The European Union (EU) negotiating directives are negotiating directives approved on 22 May 2017 and give authority to the Council of the European Union to negotiate with the United Kingdom (UK) regarding the exit of the UK from the EU (Brexit). Supplemental directives were added on 20 December 2017 based on the negotiations to that date.

== Background ==

The UK filed Article 50 notice of intention to withdraw on 29 March 2017, starting the Brexit process.

Following the unanimous approval on 29 April by the leaders of the EU27 (i.e. all countries except the UK) of European Council guidelines which set out the principles for the Brexit negotiations, negotiating directives needed to be approved by EU27.

On 22 May 2017, with the required majority of 72% of the EU27 states, (i.e. 20 member states representing 65% of the population of the EU27), the negotiating directives were approved. This gave authority for the EU negotiating team to negotiate with the UK in accordance with the guidelines and directives.

== May 2017 negotiating directives ==
Key articles in the negotiating directives are set out below. Numbers refer to negotiating directive document paragraphs.

===Objectives===
- Negotiate and conclude a withdrawal agreement with the UK. (I.1)
- Orderly withdrawal of the UK from the European Union and the European Atomic Energy Community. (I.3)

===Nature and scope===
- EU law shall cease to apply to the UK on the date the withdrawal agreement becomes effective. (II.6) Also to apply to British overseas countries and territories. (II.7)
- Withdrawal date to be 30 March 2019 or such other date as both sides shall agree. (II.8)

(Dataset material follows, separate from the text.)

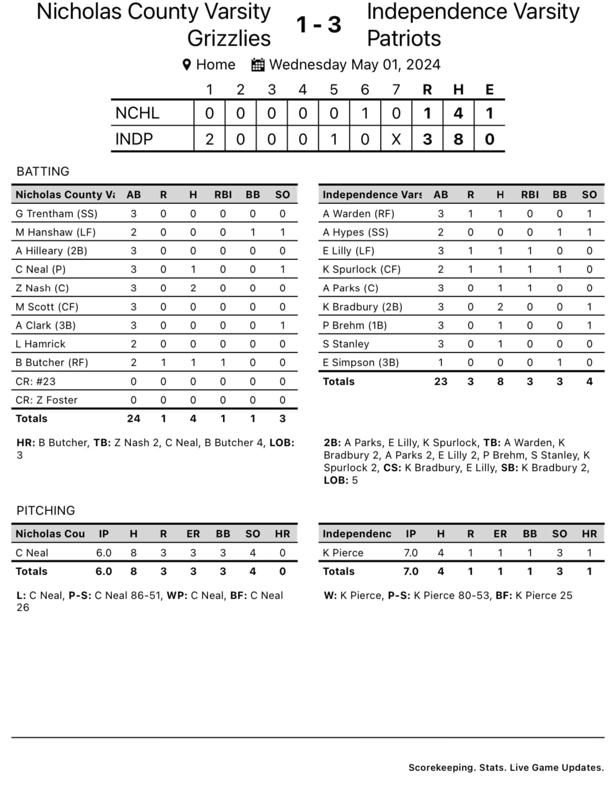 The Patriots scored two runs in the bottom of the first inning and made it stand in a 3-1 win over Nicholas County in a Class AA Region 3, Section 2 elimination game in Coal City.
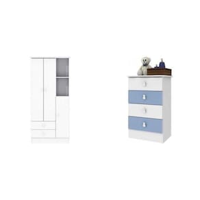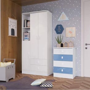 Quarto de Bebê Completo com Guarda-Roupa e Cômoda 376993 Espresso Móveis Branco/Azul. Guarda Roupa de Bebê 3 Portas 2 Gavetas em MDP BP branco 15 mm (nas laterais e prateleiras), acabamento laca nas portas e frentes de gaveta. Portas com dobradiças metálicas/Gavetas com corrediça telescópica. Ideal para uso em quarto infantil ou de bebê. Cômoda em MDP BP branco 15 mm (nas laterais e prateleiras), acabamento laca nas frentes de gaveta. Gavetas com corrediça telescópica. Puxador na cor branca. Utilizada em quarto de bebê ou infantil. Puxador em formato de urso. Ean: 7908161500342

===Purpose and scope of directives ===
- Two-phase approach: (1) clarify positions of citizens, businesses, stakeholders and international partners of the effect of Brexit, and (2) sort out the disentanglement of the UK and rights and obligations of the UK from its commitments to the EU. (III.9)
- These directives only cover the first phase of Brexit, the withdrawal; additional directives will be issued. (III.10)
- First priority is the status and rights of the EU27 citizens in the UK and British citizens in the EU27, including effective, enforceable, non-discriminatory and comprehensive guarantees for those citizens' rights. (III.11)
- Agreement of principle for the settlement of financial obligations. (III.12)
- Issues of judicial cooperation in civil, commercial and criminal matters and administrative and law enforcement cooperation procedures. (III.13)
- Nothing in the Agreement should undermine the objectives and commitments set out in the Good Friday Agreement. Negotiations should avoid the creation of a hard border on the island of Ireland. Irish citizens residing in Northern Ireland will continue to enjoy rights as EU citizens. Goods in transit routed through the UK should not be affected. (III.14)
- Recognition of British Sovereign Base Areas in Cyprus. (III.15)
- Protection of EU interests in the UK. (III.16)
- Governance, enforcement and dispute arrangements of this agreement. (III.17)
- Possible common approach towards third-country partners, international organisations and conventions that currently bind the UK. (III.18)
- When sufficient progress in the above has been achieved, a second set of negotiating directives is to be issued. Transitional arrangements (if any) must be clearly defined, limited in time, and subject to effective enforcement mechanisms. (III.19)

====Citizen rights ====
- Safeguard the status and rights derived from EU law of citizens at the withdrawal date and those future rights such as pensions. Equal treatment of EU27 and British citizens for life. (III.1.20)
- Rights to include: residence, free movement, social security systems, right to work, self-employment, recognised professional qualifications. (III.1.21-22)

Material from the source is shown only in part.